Инженер, тот самый, сидел за столом нахохлившись — что-то в картах не получалось. Увидев их, рассердился:
— Все вы отдыхаете после работы. Вот и я хочу отдохнуть. Приходите в понедельник, может, я вам что-нибудь наскребу.
Щенсный, державший как раз под мышкой отцовский ящик, а в руке тесло, сделал шаг вперед.
— Вы нам заплатите сейчас!
— Каким тоном ты разговариваешь! Сейчас? А если нет?
— Тогда я вас зарублю! Мне уже все равно. Смотрите! Считаю до пяти: раз, два…
Отец, робевший перед каждым галстуком, совсем потерял голову, а инженер побелел. Может, он понял по глазам Щенсного, что тот и в самом деле зарубит, а может, увидел такую боль и отчаяние, что в нем дрогнуло то человеческое, что дремало под циркуляром, — трудно сказать. Дрожащей рукой он достал бумажник.
— Вот вам десять злотых. Даю свои, потому что вижу, нуждаетесь. С получки вернете.
Отец кланялся, бормоча слова благодарности. Щенсный стоял неподвижно, ослабев после вспышки, инженер же смотрел в сторону, барабаня пальцами по портфелю, словно не отцу, а ему было неловко и стыдно за то, что произошло.
Когда они выходили, инженер бросил им вслед:
— Сдерживай себя, молодой человек. Другой на моем месте вызвал бы полицию…
Во дворе Щенсный взял отца под руку и почувствовал, что тот дрожит.
— Как ты мог, сын, как ты мог так его напугать…
— Пошел он к черту!.. Ты что-нибудь видишь? Я нет.
Отец остановился, заглянул ему в глаза.
— Как нет? Ничего не видишь?
— Я же сказал. Будто мне глаза выколол кто…
Отец в испуге засуетился вокруг Щенсного, усадил его на камень.
— Это от голода, сынок, сейчас принесу хлеба, колбасы, и все пройдет…
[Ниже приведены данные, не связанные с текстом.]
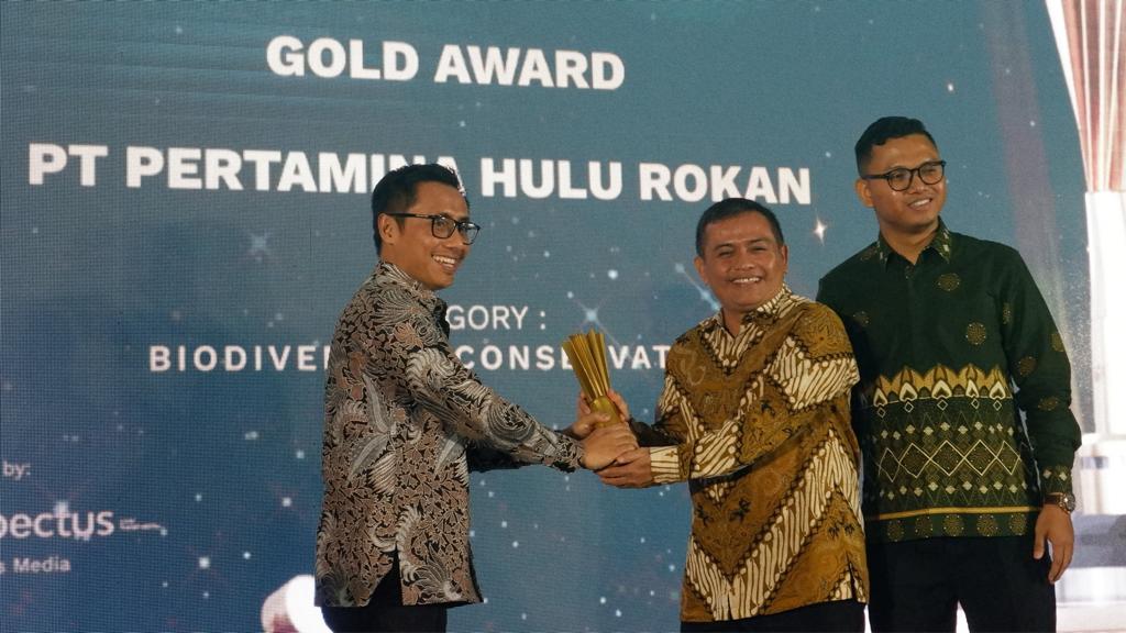 Mewakili Pertamina Hulu Rokan, Pinto Budi Laksono, Manager Corporate Social Responsibility PHR menerima penghargaan Gold dan Silver dalam kategori Biodiversity Conservation & Economic Empowerment pada ajang ISRA Award 2023 (f ist)

Вскоре он принес хлеб, колбасу, сало и еще кое-какие продукты для дома, оставил все это под присмотром Щенсного, а сам побежал за селедкой. Ему хотелось обязательно взбодрить сына чем-нибудь остреньким. Возможно, селедка ему поможет.
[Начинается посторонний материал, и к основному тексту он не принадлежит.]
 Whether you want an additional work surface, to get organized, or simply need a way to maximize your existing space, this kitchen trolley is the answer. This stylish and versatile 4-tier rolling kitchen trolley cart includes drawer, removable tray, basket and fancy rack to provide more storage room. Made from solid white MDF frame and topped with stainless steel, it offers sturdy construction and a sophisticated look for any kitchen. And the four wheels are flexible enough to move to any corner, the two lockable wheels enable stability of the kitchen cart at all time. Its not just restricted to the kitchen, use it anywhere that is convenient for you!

Между тем хулиганы, самые отпетые, привокзальные, заметили, что парень на камне не видит. А рядом с ним лежит пакет муки, пакет крупы, колбаса и другая провизия — в самый раз для зрячих; подкрались и все утащили.
Отец успел уже истратить все деньги, и они пошли домой с селедкой.
Старшая сестра, Веронка, — пишет Щенсный в дневнике, — до поздней ночи делала мне на глаза примочки из ромашки. Лицо у меня было мокрое от примочек и от ее слез. Увы, ничего не помогло. Назавтра я видел нормально до вечера, а когда стемнело — снова ослеп. Так повторялось изо дня в день. В Жекуте это никого не удивляло, малоземельные сплошь и рядом болели куриной слепотой, но среди строителей, на станции, когда отец рассказал, наше несчастье произвело впечатление.
Инженер прислал знакомого старика врача, со смешной фамилией — Хрустик. Врач сказал то же самое:
— Это все от голода. От истощения.
И добавил одно непонятное слово.
— Авитаминоз.
Лекарств он никаких не прописал, просто оставил немного денег.
— Кормите его как следует, постепенно все пройдет само.
Между тем состоялась наконец злополучная сдача объекта. Плотнику выдали кучу денег — даже голова закружилась — более тысячи злотых!
Если б тогда, после получки, плотник пошел, как собирался, к инженеру насчет неиспользованных стройматериалов, что остались на площадке, — их можно было тогда купить по дешевке и построить домик, — дневник Щенсного получился бы совсем иным и у комиссии по мемуарам не было бы с ним никаких забот.
Но отец, проходя мимо мясной лавки, подумал о сыне: Щенсного надо спасать!